From the introduction: In recent years the West Nile virus has become a serious threat to public health in many countries in the world including USA. West Nile virus infection is a cause of encephalitis (inflammation of the brain) in human and horses, and leads to death of a number of people. The virus was first isolated in 1937 in the West Nile district of Uganda. In 1957, during the outbreak in Israel, the virus was a cause of severe meningoencephalitis (inflammation of the spinal cord) in elderly. In 1999 the virus appeared in United States.
A difference equation model that describes the evolution of the West Nile-like Encephalitis in New York City was recently introduced and analyzed by D. Thomas and B. Urena [Math.
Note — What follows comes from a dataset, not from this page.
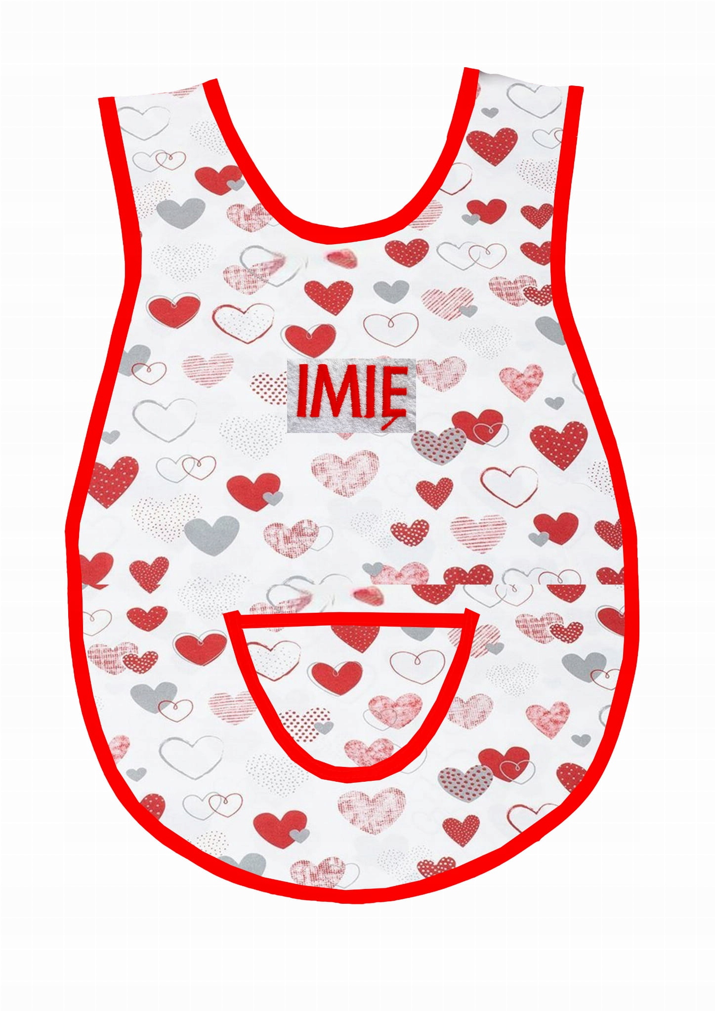 Фартух дитячий садок з червоно-сірими сердечками в крапку, модель 628
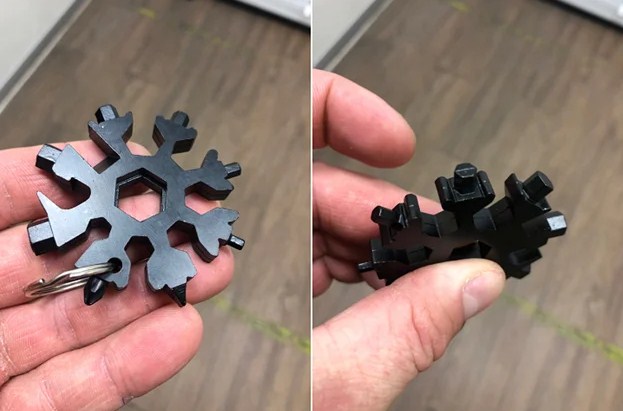 Многофункциональный инструмент с 18 рабочими наконечниками для обслуживания велосипеда, мелкого ремонта бытовой техники, в качестве вспомогательного предмета для хозяйственных нужд. Выполнен в форме звездочки на каждой из сторон находится плоская, крестообразная, шестигранная отвертка, есть гаечные ключи, открывалка для бутылок. Можно повесить на карабин, прикрепить к рюкзаку.

Comput. Modelling 34, No. 7–8, 771–781 (2001; Zbl 0999.92025)]. The model includes the effects of spraying, when it was done periodically – every other week. By applying the theory of asymptotically autonomous systems, they obtained sufficient conditions for the number of infected humans and birds to converge to \(0\).
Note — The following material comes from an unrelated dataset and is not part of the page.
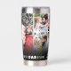 Personalized Best Dad Ever 8 Photo Collage Travel Mug. This heartfelt travel mug is perfect for celebrating your dad’s role as “Best Dad Ever.” Featuring a collage of eight cherished family photos, this mug captures special memories for a touching reminder wherever he goes. At the bottom, “Best Dad Ever” appears on each side over a sleek black gradient with heart accents near the text, adding a sentimental touch. You can personalize it further by adding kids' names with a small heart beside each one, creating a unique keepsake that brings warmth to every sip on the go. Ideal for Father’s Day, birthdays, Christmas, or any occasion, this travel mug combines a modern look with meaningful family mementos, perfect for a dad who values both style and treasured moments.

In this paper our aim is to investigate the dynamics of a slightly modified Thomas-Urena model. In particular, we introduce the “spraying function”, that is not necessarily periodic and which can be used to study the effectiveness of various spraying strategies. We obtain some general results about the asymptotic behavior of the model. In Section 2 we give a detailed description of the modified model. In Section 3 we obtain some results about the asymptotic behavior of the model. Two open problems are formulated in Section 4.
For the entire collection see [Zbl 1054.34001].